- Directed by: Michael Mongillo
- Written by: Michael Mongillo Matt Giannini
- Starring: Tony Todd
- Distributed by: Quiver Distribution
- Release dates: August 27, 2021 (FrightFest); March 4, 2022 (United States);
- Running time: 80 minutes
- Country: United States
- Language: English

= The Changed =

The Changed is a 2021 American science fiction thriller film directed by Michael Mongillo and starring Tony Todd. The plot centers around a group of ordinary people that band together in a suburban home to battle imposters who have replaced their families, friends, and neighbors.

The Changed premiered at the 2021 London FrightFest Film Festival, and was released in the United States on March 4, 2022, by Quiver Distribution.

==Plot==
The film opens with Jane lying in bed experiencing flashes in a nightmare. As she wakes, she is disturbed and confused by what she has seen. Outside, Mac shares coffee with their neighbor, Bill, and expresses his concern with the demeanor of everyone around them. During the conversation Bill jokingly attempts to kiss Mac. As Mac shakes it off, Bill reassures him that everything is okay and that Mac is being paranoid. Back inside, Mac comforts Jane and they agree they are being paranoid.

At a local high school, 17-year-old Kim feels isolated from her friends. While at work at the hospital, Jane's supervisor Ethan corners her and attempts to kiss her. Back in the neighborhood, Mac is approached by a jogger, Sara, who openly flirts with and offers to sleep with him. Kim walks up as Sara jogs away. Mac and Kim chat about how everyone is acting odd. We hear an air-raid siren; Mac and Kim take refuge inside Mac and Jane's home.

Mac and Kim listen to an emergency radio broadcast, telling them that, contrary to previous advice to stay inside, everyone should now report to the nearest public school or emergency shelter. Jane returns home from the hospital and Mac and Kim greet her outside. Jane tells Mac that Ethan attacked her. Bill knocks on the door to return a power saw. Returning to their earlier conversation, Bill continues to reassure them everything is going to be okay and then pushes in the door, attacking Mac. A fight ensures and ends when Jane grabs a shotgun.

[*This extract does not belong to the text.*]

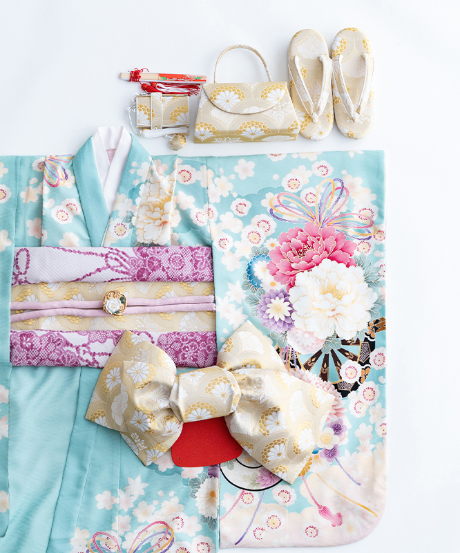 淡い水色の地に、華やかな花々と源氏車の文様が映える気品あるお着物。大輪の牡丹や菊が優雅に咲き誇り、伝統美の中に愛らしさが宿ります。金彩の帯やリボンも上品で、晴れの日にふさわしい華やかさを演出。可憐で品のある装いをお探しの方にぴったりの一着です。

Tied up and interrogated in the basement, Bill explains to everyone that giving over to whoever they are means letting go of everything negative about being a human, embracing bliss. Unconvinced, they leave Bill tied up. There's a knock at the door, and the visitor is revealed to be Kim's uncle, Kurt. Mac tries to explain everything to Kurt, who doesn't believe what he's hearing. When Kurt sees Bill tied up, he, Mac, and Jane debate the morals of holding Bill against his will.

Kurt eventually leaves the house and is surrounded by the neighbors and kissed by Sara, changing him. During a struggle in the basement, Jane is shot as she is kissed by Bill. Feeling the effects and starting to change, Jane explains to Mac everything that she is feeling, trying to convince him the change is worth it. Kim and Mac's phones get a text to turn on the TV. News anchor Kathy Walters repeats the narrative that everything is going to be okay and everyone just needs to give in. It's revealed that the changed are an alien species.

Surrounded and desperate, Mac and Kim decide to take up arms and rush the crowd at the front door, leaving their fates unknown.

==Cast==
- Tony Todd as Bill
- Jason Alan Smith as Mac
- Clare Foley as Kim
- Eric Bloomquist as Marc
- Carlee Avers as Jane
- Doug Tompos as Kurt
- Kathy Searle as Kathy Walters
- Ryan Berry McCarthy as Ethan

==Release==
The film premiered at the London FrightFest Film Festival on August 27, 2021. It was released in the United States in select theaters and on video on demand on March 4, 2022, by Quiver Distribution.

==Reception==

Bobby LePire of Film Threat rated the film a 9.5 out of 10 and wrote, "The Changed is telling a story that has been told before. But, the writers have managed to create something compelling and different, thanks to the themes and excellent characterizations."

David Gelmini of Dread Central awarded the film four stars out of five and wrote, "With a substantial performance from Tony Todd and a script which dares to ask tough questions, The Changed is a bold and intriguing horror film which fans should immediately place on their watch list."

Martin Unsworth of Starburst gave the film a negative review and wrote, "The biggest problem with The Changed is the dialogue is so contrived that it loses all sense of drama and descends into parody."